If you are new to constellation, the best place to start is the vignette("constellation", "identify_sepsis")
. You can also view the sepsis vignette on CRAN.
Installation
You can install constellation from CRAN with:
install.packages("constellation")
library(constellation)
You can install the development version of constellation from github with:
devtools::install_github("marksendak/constellation")
If you have any questions, comments, or feedback, please email [email protected].
Example
Below are several variations of finding systolic blood pressure drops of 40 over a 6 hour period.
Examine systolic blood pressure data:
library(constellation)
systolic_bp <- vitals[VARIABLE == "SYSTOLIC_BP"]
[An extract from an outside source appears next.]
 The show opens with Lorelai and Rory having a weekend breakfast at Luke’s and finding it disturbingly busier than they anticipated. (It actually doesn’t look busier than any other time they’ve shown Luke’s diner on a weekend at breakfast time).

systolic_bp[, RECORDED_TIME := as.POSIXct(RECORDED_TIME, format = "%Y-%m-%dT%H:%M:%SZ", tz = "UTC")]
head(systolic_bp)
#> PAT_ID RECORDED_TIME VALUE VARIABLE
#> 1: 108546 2010-02-25 05:36:15 110.6677 SYSTOLIC_BP
#> 2: 108546 2010-02-25 08:41:56 116.0423 SYSTOLIC_BP
#> 3: 108546 2010-02-25 10:30:53 119.2235 SYSTOLIC_BP
#> 4: 108546 2010-02-25 11:05:43 102.9899 SYSTOLIC_BP
#> 5: 108546 2010-02-25 11:48:29 122.1348 SYSTOLIC_BP
#> 6: 108546 2010-02-25 12:14:18 119.7529 SYSTOLIC_BP
Identify the first systolic blood pressure drop per patient:
systolic_bp_drop <- value_change(systolic_bp, value = 40, direction = "down",
window_hours = 6, join_key = "PAT_ID", time_var = "RECORDED_TIME",
value_var = "VALUE", mult = "first")
head(systolic_bp_drop)
#> PAT_ID PRIOR_RECORDED_TIME PRIOR_VALUE CURRENT_RECORDED_TIME
#> 1: 108546 2010-02-25 15:45:29 139.9967 2010-02-25 20:42:35
#> 2: 112374 2010-03-09 18:18:13 160.4919 2010-03-09 20:48:09
#> 3: 113163 2010-07-27 15:50:35 170.2034 2010-07-27 19:21:58
#> 4: 124042 2010-11-24 21:34:57 163.8912 2010-11-25 02:03:14
#> 5: 135995 2010-11-21 01:51:09 157.9432 2010-11-21 03:26:00
#> 6: 146478 2010-08-27 16:07:47 179.3603 2010-08-27 21:03:05
#> CURRENT_VALUE
#> 1: 80.07446
#> 2: 107.87212
#> 3: 116.22419
#> 4: 116.66625
#> 5: 111.55469
#> 6: 132.99234
Identify the last systolic blood pressure drop per patient:
systolic_bp_drop <- value_change(systolic_bp, value = 40, direction = "down",
window_hours = 6, join_key = "PAT_ID", time_var = "RECORDED_TIME",
value_var = "VALUE", mult = "last")
head(systolic_bp_drop)
#> PAT_ID PRIOR_RECORDED_TIME PRIOR_VALUE CURRENT_RECORDED_TIME
#> 1: 108546 2010-07-01 15:31:31 164.9851 2010-07-01 21:03:04
#> 2: 112374 2010-03-15 15:15:53 164.1634 2010-03-15 17:30:06
#> 3: 113163 2010-07-30 19:12:15 160.1682 2010-07-30 22:33:10
#> 4: 124042 2010-12-04 18:34:18 167.2564 2010-12-04 22:46:57
#> 5: 135995 2010-11-27 04:47:15 127.5603 2010-11-27 06:43:05
#> 6: 146478 2010-09-03 15:14:43 182.1690 2010-09-03 16:18:28
#> CURRENT_VALUE
#> 1: 114.67968
#> 2: 115.95783
#> 3: 111.89387
#> 4: 118.81151
#> 5: 81.90537
#> 6: 138.28222
Identify all systolic blood pressure drops per patient:
systolic_bp_drop <- value_change(systolic_bp, value = 40, direction = "down",
window_hours = 6, join_key = "PAT_ID", time_var = "RECORDED_TIME",
value_var = "VALUE", mult = "all")
head(systolic_bp_drop)
#> PAT_ID PRIOR_RECORDED_TIME PRIOR_VALUE CURRENT_RECORDED_TIME
#> 1: 108546 2010-02-25 15:45:29 139.9967 2010-02-25 20:42:35
#> 2: 108546 2010-03-01 15:57:24 136.8654 2010-03-01 16:07:00
#> 3: 108546 2010-03-02 19:59:20 129.0167 2010-03-03 00:46:35
#> 4: 108546 2010-03-02 20:49:00 110.1830 2010-03-03 00:46:35
#> 5: 108546 2010-03-04 00:18:41 137.8095 2010-03-04 04:23:54
#> 6: 108546 2010-03-04 02:13:39 130.3280 2010-03-04 04:23:54
#> CURRENT_VALUE
#> 1: 80.07446
#> 2: 88.88972
#> 3: 69.94551
#> 4: 69.94551
#> 5: 82.16874
#> 6: 82.16874
Why constellation?
In clinical medicine, there are a subset of conditions that are defined by a sequence of related events that unfold over time. These conditions are described as a “constellation of signs and symptoms.”
Another piece of medical jargon that made it into the package is the concept of a treatment bundle. The bundle()
function was originally designed to calculate the time stamp at which a group of treatments is delivered for every patient within a specified amount of time of developing a condition.
Duke Institute for Health Innovation
constellation was originally developed to support a machine learning project at the Duke Institute for Health Innovation to predict sepsis.